Assessing the Impact of Automated Suggestions on Decision Making: Domain Experts Mediate Model Errors but Take Less Initiative

Ariel Levy MIT CSAIL

Monica Agrawal MIT CSAIL

Arvind Satyanarayan MIT CSAIL

David Sontag MIT CSAIL

ACM Human Factors in Computing Systems (CHI), 2021

Accuracy (total recall) and efficiency (time to label) results for users with label recommendations (Standard and Weakened modes) and users without (None mode).

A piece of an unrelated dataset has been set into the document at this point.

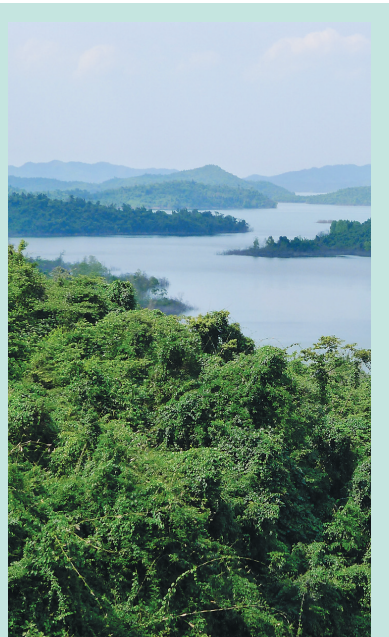
儋州番加省级自然保护区。卢刚 摄

这里自然植被、半自然植被和人工植被覆盖率达到89.9%。青皮林、红树林等珍贵树种和丰富的植物, 广泛分布在山岭、盆地、河谷、内湖、江河沿岸、滨海滩涂, 形成了物种多样、高低错落的博鳌植物群落。固

Automated decision support can accelerate tedious tasks as users can focus their attention where it is needed most. However, a key concern is whether users overly trust or cede agency to automation. In this paper, we investigate the effects of introducing automation to annotating clinical texts — a multi-step, error-prone task of identifying clinical concepts (e.g., procedures) in medical notes, and mapping them to labels in a large ontology. We consider two forms of decision aid: recommending which labels to map concepts to, and pre-populating annotation suggestions. Through laboratory studies, we find that 18 clinicians generally build intuition of when to rely on automation and when to exercise their own judgement. However, when presented with fully pre-populated suggestions, these expert users exhibit less agency: accepting improper mentions, and taking less initiative in creating additional annotations. Our findings inform how systems and algorithms should be designed to mitigate the observed issues.